Anche su questo il governo rischia di spaccarsi. Mentre il pd, proprio in forza del rapporto con Bernabè, sostiene il nuovo piano, il vice Conte Mario Turco è stato netto: «Non possiamo accettare soluzioni di riconversione industriale, nella prospettiva della decarbonizzazione, su cui peraltro si nutrono forti dubbi di sostenibilità economica e di cui non si conoscono i contenuti dell’investimento, il fabbisogno finanziario complessivo, il piano industriale, gli obiettivi produttivi, la relativa valutazione di convenienza economica, senza un rafforzamento della tutela ambientale e della salute pubblica”.
La guerra continua: il pd favorevole al nuovo piano ilva, 5 stelle che sembrano riabbracciare le promesse di chiusura.
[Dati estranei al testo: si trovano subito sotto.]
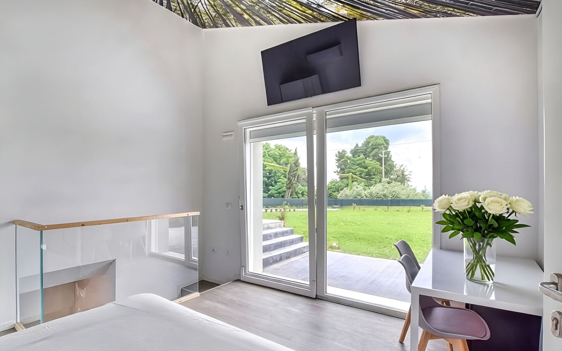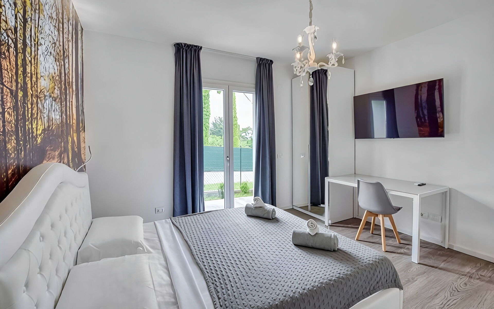 Outside, the large private fenced garden offers ideal spaces for sunbathing, relaxing on the veranda (accessible via 4 steps) or enjoying convivial moments with a barbecue, accompanied by a glass of Valdobbiadene Prosecco.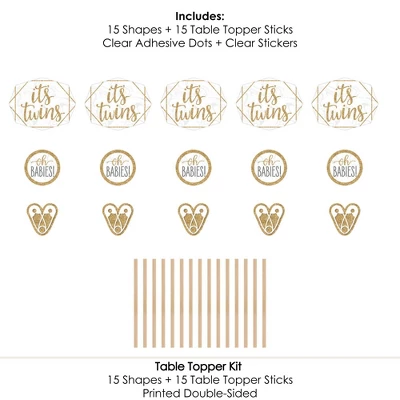 It’s Twins – Gold Centerpiece Sticks INCLUDES 15 It’s Twins – Gold table toppers in three different shapes, 15 sticks and stickers for easy assembly. Oh babies party table decorations are perfect for a baby shower. It’s Twins – Gold Party Centerpiece Sticks SIZE five It’s Twins – Gold table toppers, 10.75″ wide x 8.5″ tall; five pins table toppers, 5″ wide x 5.25″ tall; and five circles table toppers, 5.75″ wide x 5.75″ tall. The unique design and variety of pieces makes this table decoration kit an impressive addition to any twins theme party. EASY PARTY DECOR: It’s Twins – Gold table decorations can be used as centerpieces when attached to the included sticks and inserted into vases or floral arrangements. They easily accent your baby shower candy buffet when you add them to apothecary jars. Table toppers are also a great addition to any photo booth. The large shaped cut outs will make your party pics instantly shareable. It’s Twins – Gold centerpiece sticks are sure to make a statement however you choose to use them! PREMIUM PARTY SUPPLIES: It’s Twins – Gold party table toppers are professionally printed on heavy-duty cardstock paper with a photo-like shine. They are individually inspected and carefully packaged by hand with sticks and stickers for easy assembly. Get creative with your DIY party ideas! MADE IN THE USA: It’s Twins – Gold – Baby Shower Centerpiece Sticks are designed and manufactured at our Wisconsin facility using materials that are Made in America. Twins decoration kit uses a No-Mess Glitter Print: Our decor kit is designed with a printed image of glitter, eliminating glitter flake while maximizing bling effect!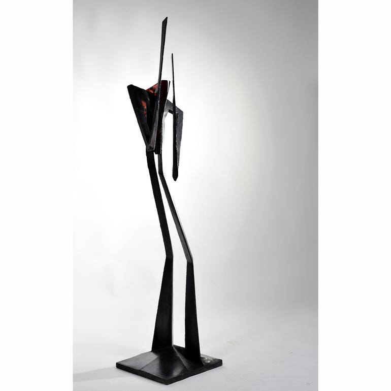 André van der Linden (1945 Amsterdam). André studied for some time at the Rijksacademie in Amsterdam, but is self-taught as a sculptor. He has been working as a sculptor since 1967 and settled as such in Friesland in 1972. Until 1978 André mainly worked in wood, which was sometimes painted in primary colours. Subsequently, a combination of materials was often used. At first wood was combined with stone, until the wood faded into the background and stone sculptures appeared, sometimes in combination with ferrocement. Working with ferrocement, the core of which is an iron construction, eventually led to the fact that the cement was omitted and the stone statue was combined with stainless steel. The white of the steel did not always combine with the idea to be executed, so that the dark bronze was added as a new option. Gradually, the stones disappeared from the statues and there are now combinations of steel and bronze, where glass is often a colorful addition. Over the course of 55 years, there has also been a change in starting points. Initially, images appeared with a mainly inner strength, later a transition was made to a much more sober visual language and in the following period we now see greater expressiveness again, in which what moves and sets the individual in motion is a recurring starting point. . A further abstraction of these moving figures offers the viewer freedom of interpretation. In the words of Huub Mous: Nothing is as obvious on closer inspection as it seems at first. This certainly also applies to the images of André van der Linden. The artist who lives and works in Friesland has built up an impressive track record. Many of his sculptures have been given a permanent place in public space. André van der Linden's work invites reflection. Although the artist derives formal starting points from geometry and stereometry, his images escape cool calculation and law. Additions that seem incongruous at first glance act as counterpoints to constructivist elements. The images derive their visual tension from this duality. During the process of combining and assembling, shaping and deforming, the artist works with contrasts. He gives shape to processes of change, to cycles that determine the natural course of events and to human power and inability to influence them.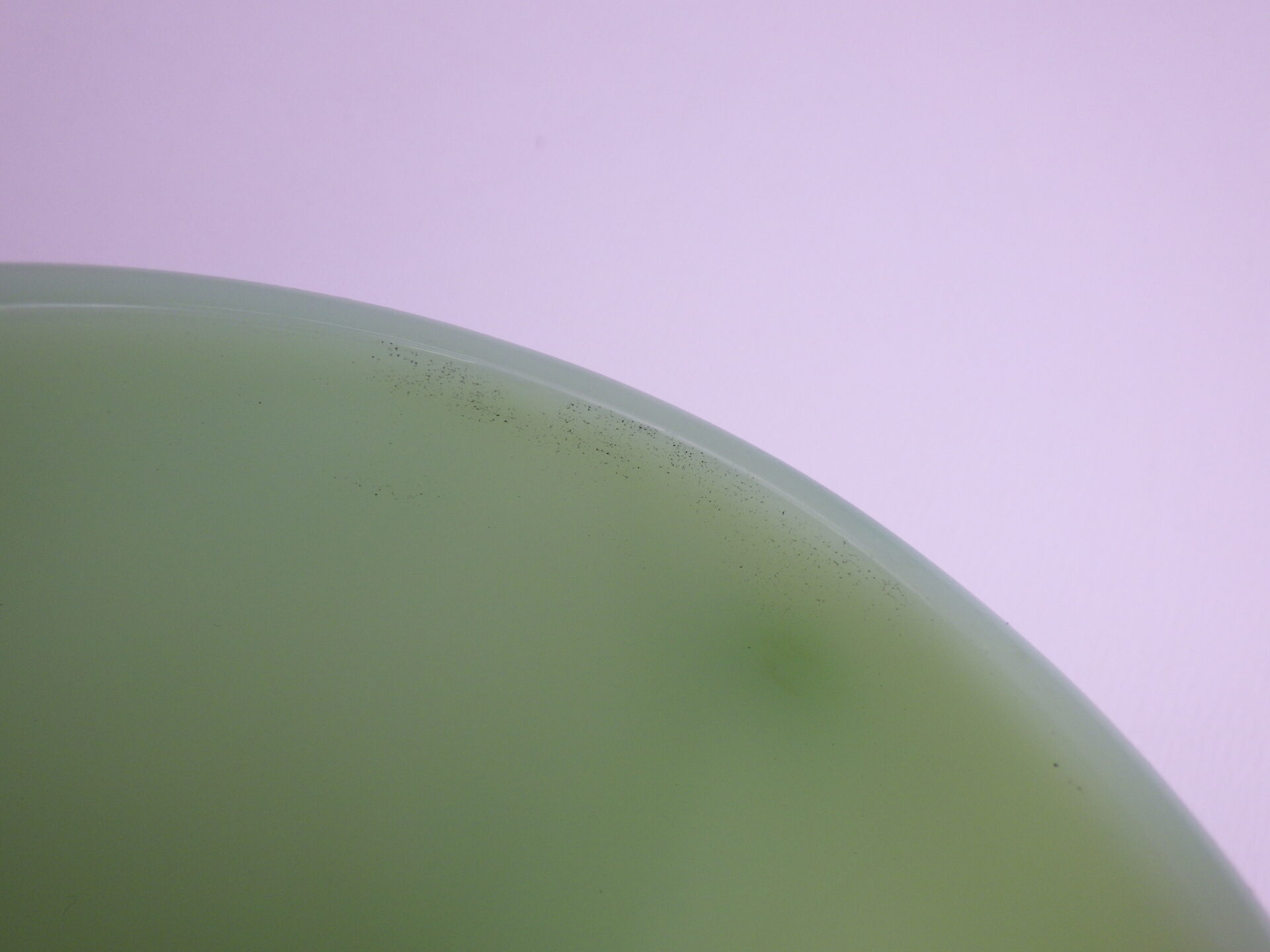 | condition | 側面、リムに薄い着色、金属痕があります。 ボトムにわずかなスレがあります。 ミルクガラス特有のヘアライン、劣化線、練りムラなどありますが、ご使用に影響のあるダメージはありません。 不明な点や追加画像の必要な場合は、お気軽にお問い合わせ下さい。 |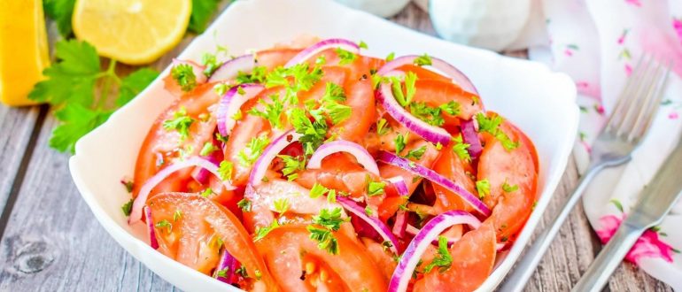 Турецкий салат из помидоров, оливок, лука и хлеба рецепт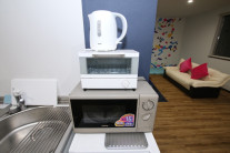 キッチン付きで調理器具・電化製品・ホットプレート・炊飯器等、揃えています。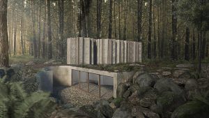 The existing site condition is the catalyst for the project – an abandoned and entirely subterranean industrial concrete vault from the 1930s, discovered on a wooded area of a 36 acre (mostly) undeveloped inland property in The Hamptons. The vault is accessed through an at-grade hatch that is barely visible – thus our proposal is first a “Well” in the manner that it negotiates the earth – a stair bulkhead to an underworld.

Dimenticando che è proprio sotto il governo Conte bis che il leader 5 stelle decise di stracciare l’accordo Calenda che dava ad Arcelormittal il compito di finanziarie il nuovo piano, decidendo di statalizzarla sobbarcando costi e perdite allo stato.
E cosi dopo la sfuriata di Draghi, il ministro del lavoro Orlando ammette la colpa dei suoi e dice di voler reintrodurre quell’articolo salva Ilva, magari con un prossimo decreto.
Mentre Conte con un tweet si prende i meriti di aver evitato lo scippo di Taranto tentato dal Governo e promette il reimpiego di oltre 1000 operai… eppure la Viceministra 5 stelle Laura Castelli quella notte in commissione a nome del governo si era espressa contro.